▶ [Available data]:
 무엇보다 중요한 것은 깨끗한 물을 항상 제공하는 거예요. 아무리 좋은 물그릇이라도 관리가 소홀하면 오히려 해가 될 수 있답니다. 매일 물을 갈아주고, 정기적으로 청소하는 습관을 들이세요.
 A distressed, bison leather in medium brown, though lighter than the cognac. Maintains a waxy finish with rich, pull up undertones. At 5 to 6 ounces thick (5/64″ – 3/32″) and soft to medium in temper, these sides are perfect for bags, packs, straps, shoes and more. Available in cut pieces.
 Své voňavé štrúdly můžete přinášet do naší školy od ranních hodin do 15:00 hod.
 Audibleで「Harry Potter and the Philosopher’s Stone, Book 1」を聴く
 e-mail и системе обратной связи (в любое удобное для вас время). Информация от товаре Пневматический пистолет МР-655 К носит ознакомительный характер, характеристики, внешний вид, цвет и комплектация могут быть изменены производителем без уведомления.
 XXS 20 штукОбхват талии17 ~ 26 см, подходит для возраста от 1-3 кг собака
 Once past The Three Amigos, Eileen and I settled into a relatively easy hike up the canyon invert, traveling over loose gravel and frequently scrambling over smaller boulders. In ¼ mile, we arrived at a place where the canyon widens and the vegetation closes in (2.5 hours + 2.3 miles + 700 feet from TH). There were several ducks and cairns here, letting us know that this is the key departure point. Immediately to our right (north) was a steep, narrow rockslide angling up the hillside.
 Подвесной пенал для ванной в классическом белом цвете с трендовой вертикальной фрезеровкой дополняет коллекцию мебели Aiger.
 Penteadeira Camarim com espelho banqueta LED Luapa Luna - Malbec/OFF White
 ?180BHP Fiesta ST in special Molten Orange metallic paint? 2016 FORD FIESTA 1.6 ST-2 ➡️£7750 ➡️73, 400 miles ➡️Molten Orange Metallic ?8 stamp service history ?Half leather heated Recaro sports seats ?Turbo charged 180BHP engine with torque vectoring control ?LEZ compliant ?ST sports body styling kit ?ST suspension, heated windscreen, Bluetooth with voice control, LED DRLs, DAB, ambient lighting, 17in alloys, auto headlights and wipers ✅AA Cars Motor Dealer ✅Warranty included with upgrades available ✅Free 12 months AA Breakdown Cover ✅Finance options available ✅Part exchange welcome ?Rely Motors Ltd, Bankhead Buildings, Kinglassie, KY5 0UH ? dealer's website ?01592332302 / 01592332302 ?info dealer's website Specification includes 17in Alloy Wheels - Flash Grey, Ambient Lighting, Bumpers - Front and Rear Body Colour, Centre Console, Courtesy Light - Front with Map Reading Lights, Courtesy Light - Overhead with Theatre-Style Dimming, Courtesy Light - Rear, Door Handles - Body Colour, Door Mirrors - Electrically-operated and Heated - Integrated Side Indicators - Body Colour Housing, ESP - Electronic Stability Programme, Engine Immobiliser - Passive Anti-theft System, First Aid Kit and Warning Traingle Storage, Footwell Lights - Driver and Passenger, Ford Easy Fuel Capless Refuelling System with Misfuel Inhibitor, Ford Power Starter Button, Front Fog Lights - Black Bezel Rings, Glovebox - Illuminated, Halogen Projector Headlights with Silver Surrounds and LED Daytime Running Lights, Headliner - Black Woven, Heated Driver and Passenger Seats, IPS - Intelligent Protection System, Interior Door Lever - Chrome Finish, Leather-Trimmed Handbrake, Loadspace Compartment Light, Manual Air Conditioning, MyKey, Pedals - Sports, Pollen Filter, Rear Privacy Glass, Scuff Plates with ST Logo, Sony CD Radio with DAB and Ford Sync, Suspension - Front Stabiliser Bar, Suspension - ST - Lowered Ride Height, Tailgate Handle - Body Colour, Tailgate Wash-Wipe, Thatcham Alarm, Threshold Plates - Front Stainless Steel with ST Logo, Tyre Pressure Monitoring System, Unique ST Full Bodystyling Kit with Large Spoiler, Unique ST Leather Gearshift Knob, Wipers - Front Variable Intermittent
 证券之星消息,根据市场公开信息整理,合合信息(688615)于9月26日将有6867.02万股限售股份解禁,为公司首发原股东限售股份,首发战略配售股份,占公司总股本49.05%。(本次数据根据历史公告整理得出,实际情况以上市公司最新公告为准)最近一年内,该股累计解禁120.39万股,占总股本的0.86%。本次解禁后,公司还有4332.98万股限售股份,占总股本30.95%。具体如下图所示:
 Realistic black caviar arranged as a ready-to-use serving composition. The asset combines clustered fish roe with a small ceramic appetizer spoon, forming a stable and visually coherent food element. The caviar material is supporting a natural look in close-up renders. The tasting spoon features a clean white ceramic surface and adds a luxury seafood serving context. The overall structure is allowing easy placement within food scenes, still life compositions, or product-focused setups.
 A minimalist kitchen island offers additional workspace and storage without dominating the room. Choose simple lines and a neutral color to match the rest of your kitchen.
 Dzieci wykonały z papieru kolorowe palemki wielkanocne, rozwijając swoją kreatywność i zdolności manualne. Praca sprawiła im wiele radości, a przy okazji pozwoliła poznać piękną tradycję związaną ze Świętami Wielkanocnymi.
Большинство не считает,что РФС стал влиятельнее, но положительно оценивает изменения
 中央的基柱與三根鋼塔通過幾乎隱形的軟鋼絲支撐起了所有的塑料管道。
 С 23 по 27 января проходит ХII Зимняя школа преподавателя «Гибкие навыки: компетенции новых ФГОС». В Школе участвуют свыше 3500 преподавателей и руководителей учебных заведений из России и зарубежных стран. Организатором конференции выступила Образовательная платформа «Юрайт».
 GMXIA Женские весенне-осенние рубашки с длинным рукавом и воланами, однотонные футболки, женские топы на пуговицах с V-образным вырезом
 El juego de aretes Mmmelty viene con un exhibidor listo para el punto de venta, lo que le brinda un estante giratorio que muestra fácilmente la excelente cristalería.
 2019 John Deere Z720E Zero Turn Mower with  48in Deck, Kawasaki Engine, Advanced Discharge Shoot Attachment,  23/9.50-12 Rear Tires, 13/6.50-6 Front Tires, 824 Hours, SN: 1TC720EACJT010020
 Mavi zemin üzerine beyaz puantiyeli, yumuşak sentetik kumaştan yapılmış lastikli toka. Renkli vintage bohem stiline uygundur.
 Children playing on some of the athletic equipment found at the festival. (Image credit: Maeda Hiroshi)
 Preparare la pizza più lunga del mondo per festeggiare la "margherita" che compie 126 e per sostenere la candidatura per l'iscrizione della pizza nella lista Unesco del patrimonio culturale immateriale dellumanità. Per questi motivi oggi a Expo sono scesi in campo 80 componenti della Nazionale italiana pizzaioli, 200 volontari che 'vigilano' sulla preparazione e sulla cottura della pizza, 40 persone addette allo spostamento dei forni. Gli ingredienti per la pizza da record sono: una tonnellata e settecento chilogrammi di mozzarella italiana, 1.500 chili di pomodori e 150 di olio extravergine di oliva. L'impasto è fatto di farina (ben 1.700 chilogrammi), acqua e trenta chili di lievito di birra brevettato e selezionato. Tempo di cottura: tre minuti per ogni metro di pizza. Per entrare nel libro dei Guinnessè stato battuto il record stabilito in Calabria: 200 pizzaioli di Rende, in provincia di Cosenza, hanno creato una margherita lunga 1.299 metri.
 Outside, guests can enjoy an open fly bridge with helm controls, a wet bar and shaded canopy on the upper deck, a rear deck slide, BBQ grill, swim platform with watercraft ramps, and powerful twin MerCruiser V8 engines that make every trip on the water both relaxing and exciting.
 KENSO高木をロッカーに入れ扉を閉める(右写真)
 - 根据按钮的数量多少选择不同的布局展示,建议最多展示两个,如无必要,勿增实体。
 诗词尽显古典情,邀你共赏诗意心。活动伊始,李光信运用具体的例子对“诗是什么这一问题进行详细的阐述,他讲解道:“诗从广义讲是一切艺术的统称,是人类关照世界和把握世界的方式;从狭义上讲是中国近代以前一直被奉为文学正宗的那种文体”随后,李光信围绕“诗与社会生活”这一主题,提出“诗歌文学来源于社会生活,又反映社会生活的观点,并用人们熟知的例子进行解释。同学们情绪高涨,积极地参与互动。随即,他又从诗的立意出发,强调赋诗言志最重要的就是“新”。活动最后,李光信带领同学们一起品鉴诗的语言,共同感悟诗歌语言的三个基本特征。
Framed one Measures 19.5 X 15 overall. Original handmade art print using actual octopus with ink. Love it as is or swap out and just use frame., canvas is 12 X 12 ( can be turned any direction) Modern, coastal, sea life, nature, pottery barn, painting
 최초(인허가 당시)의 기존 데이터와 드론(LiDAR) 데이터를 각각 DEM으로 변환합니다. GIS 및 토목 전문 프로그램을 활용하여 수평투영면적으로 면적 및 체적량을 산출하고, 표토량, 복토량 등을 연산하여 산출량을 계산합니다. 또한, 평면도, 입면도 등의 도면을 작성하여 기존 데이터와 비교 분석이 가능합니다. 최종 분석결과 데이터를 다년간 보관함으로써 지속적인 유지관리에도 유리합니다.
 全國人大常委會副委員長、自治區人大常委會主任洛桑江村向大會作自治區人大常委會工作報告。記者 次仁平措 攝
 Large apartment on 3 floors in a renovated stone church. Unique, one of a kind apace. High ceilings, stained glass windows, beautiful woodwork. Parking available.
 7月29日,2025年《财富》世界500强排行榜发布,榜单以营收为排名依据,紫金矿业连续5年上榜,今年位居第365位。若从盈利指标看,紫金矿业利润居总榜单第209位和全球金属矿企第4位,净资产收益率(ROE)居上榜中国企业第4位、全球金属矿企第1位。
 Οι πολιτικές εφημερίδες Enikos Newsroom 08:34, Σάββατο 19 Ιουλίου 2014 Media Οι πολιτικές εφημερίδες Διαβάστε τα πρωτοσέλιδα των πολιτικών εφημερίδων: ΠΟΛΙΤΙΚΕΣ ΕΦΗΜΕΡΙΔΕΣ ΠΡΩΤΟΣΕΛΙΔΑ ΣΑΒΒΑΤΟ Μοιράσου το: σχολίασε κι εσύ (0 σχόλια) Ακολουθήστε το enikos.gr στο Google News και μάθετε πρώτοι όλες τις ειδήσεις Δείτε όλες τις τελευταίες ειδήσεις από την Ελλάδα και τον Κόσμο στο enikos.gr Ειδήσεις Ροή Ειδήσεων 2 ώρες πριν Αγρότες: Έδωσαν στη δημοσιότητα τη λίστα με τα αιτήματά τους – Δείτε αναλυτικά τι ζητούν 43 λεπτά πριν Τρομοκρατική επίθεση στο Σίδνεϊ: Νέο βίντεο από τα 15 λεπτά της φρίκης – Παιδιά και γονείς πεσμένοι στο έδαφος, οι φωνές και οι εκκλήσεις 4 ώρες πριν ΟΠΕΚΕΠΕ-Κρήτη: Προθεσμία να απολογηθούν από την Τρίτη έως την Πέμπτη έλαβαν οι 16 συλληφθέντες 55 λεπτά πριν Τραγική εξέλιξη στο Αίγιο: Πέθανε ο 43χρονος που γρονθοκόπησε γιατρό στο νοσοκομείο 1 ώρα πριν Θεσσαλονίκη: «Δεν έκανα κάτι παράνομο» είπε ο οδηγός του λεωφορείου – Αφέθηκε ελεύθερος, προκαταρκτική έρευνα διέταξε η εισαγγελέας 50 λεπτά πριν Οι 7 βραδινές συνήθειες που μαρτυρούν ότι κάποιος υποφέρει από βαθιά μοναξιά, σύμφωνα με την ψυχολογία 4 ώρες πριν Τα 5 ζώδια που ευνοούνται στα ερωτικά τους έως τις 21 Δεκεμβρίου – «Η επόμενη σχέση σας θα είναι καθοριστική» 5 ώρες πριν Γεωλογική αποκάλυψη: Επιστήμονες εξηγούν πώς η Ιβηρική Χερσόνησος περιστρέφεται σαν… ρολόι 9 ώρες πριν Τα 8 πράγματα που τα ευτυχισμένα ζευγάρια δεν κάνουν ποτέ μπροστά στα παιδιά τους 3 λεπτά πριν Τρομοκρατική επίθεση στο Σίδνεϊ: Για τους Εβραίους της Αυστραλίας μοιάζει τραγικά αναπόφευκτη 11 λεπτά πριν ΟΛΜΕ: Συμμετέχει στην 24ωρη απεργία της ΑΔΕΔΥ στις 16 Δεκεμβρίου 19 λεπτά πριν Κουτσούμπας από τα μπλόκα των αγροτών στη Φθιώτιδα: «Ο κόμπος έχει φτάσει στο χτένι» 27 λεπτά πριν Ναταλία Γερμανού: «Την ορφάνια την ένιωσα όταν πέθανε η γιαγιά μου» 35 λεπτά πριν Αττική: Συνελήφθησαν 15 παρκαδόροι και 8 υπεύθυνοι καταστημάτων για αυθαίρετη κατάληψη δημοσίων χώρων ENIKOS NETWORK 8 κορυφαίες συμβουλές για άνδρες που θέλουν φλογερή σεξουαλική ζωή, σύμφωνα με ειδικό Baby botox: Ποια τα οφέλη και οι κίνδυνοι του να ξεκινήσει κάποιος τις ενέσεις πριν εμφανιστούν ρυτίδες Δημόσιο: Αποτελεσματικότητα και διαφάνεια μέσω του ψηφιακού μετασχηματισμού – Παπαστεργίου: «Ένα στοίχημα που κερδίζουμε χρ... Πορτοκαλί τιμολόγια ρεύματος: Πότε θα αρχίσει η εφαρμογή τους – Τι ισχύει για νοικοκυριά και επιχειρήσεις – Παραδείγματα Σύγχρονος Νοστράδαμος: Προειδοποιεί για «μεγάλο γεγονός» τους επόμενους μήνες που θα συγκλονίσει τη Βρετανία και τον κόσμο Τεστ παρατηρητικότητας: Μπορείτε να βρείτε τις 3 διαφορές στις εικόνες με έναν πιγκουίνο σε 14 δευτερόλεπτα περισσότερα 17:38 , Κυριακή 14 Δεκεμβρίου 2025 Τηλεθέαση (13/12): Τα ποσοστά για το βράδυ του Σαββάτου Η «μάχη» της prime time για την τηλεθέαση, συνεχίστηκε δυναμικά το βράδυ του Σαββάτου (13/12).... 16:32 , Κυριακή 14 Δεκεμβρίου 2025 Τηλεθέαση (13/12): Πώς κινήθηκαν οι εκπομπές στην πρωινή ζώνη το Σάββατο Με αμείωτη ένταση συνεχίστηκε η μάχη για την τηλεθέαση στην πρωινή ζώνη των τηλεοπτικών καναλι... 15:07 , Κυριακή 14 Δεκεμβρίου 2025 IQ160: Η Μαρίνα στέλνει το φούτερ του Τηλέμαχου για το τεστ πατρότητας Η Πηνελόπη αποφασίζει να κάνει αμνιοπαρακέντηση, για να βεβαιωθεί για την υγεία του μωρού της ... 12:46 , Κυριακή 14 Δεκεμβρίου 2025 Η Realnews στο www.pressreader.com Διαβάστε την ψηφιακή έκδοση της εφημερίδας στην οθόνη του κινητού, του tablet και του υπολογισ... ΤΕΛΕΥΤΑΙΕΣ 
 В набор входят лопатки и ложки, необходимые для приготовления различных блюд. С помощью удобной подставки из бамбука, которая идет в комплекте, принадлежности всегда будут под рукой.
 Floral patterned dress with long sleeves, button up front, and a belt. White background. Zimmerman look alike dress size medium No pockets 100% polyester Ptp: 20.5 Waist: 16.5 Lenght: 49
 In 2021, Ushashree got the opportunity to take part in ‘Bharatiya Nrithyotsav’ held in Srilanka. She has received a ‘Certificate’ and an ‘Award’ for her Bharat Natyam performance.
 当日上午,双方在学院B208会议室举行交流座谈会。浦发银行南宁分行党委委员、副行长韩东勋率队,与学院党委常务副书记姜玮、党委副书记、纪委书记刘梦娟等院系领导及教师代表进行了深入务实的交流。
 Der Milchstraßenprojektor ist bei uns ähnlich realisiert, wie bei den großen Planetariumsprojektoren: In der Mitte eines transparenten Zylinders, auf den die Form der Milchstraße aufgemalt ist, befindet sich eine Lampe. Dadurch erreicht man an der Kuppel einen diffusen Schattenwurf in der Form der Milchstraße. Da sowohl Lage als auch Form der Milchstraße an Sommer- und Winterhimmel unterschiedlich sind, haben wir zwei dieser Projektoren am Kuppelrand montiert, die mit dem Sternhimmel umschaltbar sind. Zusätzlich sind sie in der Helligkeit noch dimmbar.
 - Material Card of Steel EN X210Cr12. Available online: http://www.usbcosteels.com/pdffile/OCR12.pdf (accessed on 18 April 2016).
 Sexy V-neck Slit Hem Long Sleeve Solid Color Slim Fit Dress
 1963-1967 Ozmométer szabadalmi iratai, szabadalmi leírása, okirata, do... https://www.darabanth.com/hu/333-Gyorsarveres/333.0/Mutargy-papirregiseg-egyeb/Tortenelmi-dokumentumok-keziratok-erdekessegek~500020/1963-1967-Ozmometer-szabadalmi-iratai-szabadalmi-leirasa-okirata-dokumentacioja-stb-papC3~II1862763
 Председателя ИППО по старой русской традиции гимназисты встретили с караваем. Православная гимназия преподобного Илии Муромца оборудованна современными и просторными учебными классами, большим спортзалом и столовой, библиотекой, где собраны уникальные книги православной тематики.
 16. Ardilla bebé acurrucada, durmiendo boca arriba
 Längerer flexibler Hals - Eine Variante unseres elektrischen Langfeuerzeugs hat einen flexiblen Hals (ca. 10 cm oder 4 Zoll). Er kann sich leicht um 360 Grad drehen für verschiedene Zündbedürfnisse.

▶ [Work item]: Each line from the top of the data, up to and including the line that contains "Penteadeira Camarim com", should be set down exactly.

▶ [Response below]:
 무엇보다 중요한 것은 깨끗한 물을 항상 제공하는 거예요. 아무리 좋은 물그릇이라도 관리가 소홀하면 오히려 해가 될 수 있답니다. 매일 물을 갈아주고, 정기적으로 청소하는 습관을 들이세요.
 A distressed, bison leather in medium brown, though lighter than the cognac. Maintains a waxy finish with rich, pull up undertones. At 5 to 6 ounces thick (5/64″ – 3/32″) and soft to medium in temper, these sides are perfect for bags, packs, straps, shoes and more. Available in cut pieces.
 Své voňavé štrúdly můžete přinášet do naší školy od ranních hodin do 15:00 hod.
 Audibleで「Harry Potter and the Philosopher’s Stone, Book 1」を聴く
 e-mail и системе обратной связи (в любое удобное для вас время). Информация от товаре Пневматический пистолет МР-655 К носит ознакомительный характер, характеристики, внешний вид, цвет и комплектация могут быть изменены производителем без уведомления.
 XXS 20 штукОбхват талии17 ~ 26 см, подходит для возраста от 1-3 кг собака
 Once past The Three Amigos, Eileen and I settled into a relatively easy hike up the canyon invert, traveling over loose gravel and frequently scrambling over smaller boulders. In ¼ mile, we arrived at a place where the canyon widens and the vegetation closes in (2.5 hours + 2.3 miles + 700 feet from TH). There were several ducks and cairns here, letting us know that this is the key departure point. Immediately to our right (north) was a steep, narrow rockslide angling up the hillside.
 Подвесной пенал для ванной в классическом белом цвете с трендовой вертикальной фрезеровкой дополняет коллекцию мебели Aiger.
 Penteadeira Camarim com espelho banqueta LED Luapa Luna - Malbec/OFF White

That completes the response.